SMART SENSORS: VITAL TO HIGH PERFORMANCE IoT NETWORKS

Going far beyond traditional simple switches or value/threshold sensors, smart sensors provide much richer insight using the complex high-fidelity signals originating from accelerometer, gyroscopic, electrode, vibration, thermal imaging, optical, audio, and pressure / strain sensor inputs.  But they do not stop there as these high data rate raw signals would otherwise quickly overwhelm downstream networks with massive amounts of redundant or useless data.

Instead, smart sensors locally process their physical raw sensor signals using techniques such as pattern recognition and machine learning to provide only information of value to upstream nodes in the network.  Their role can often make or break  the entire IoT application where bandwidth limitations, security/data privacy, latency, local real-time response, battery life, and wireless endpoint considerations are key factors.

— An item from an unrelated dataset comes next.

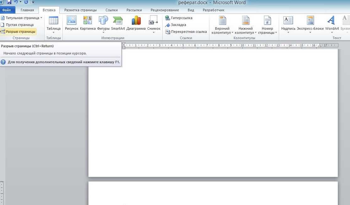 Рисунок 13. Как вставить разрыв страницы

SensiML TRANSFORMS HOW SMART SENSOR ALGORITHMS GET BUILT

Creating smart sensors that run efficiently and provide accurate meaningful insights can provide substantial IoT product benefits but is highly challenging in terms of required time, cost, and team skillsets.  The time has come for a smart development toolkit that breaks down these barriers allowing all device builders big and small to truly innovate with smart sensors without the burden and constraints of hand-coding algorithms.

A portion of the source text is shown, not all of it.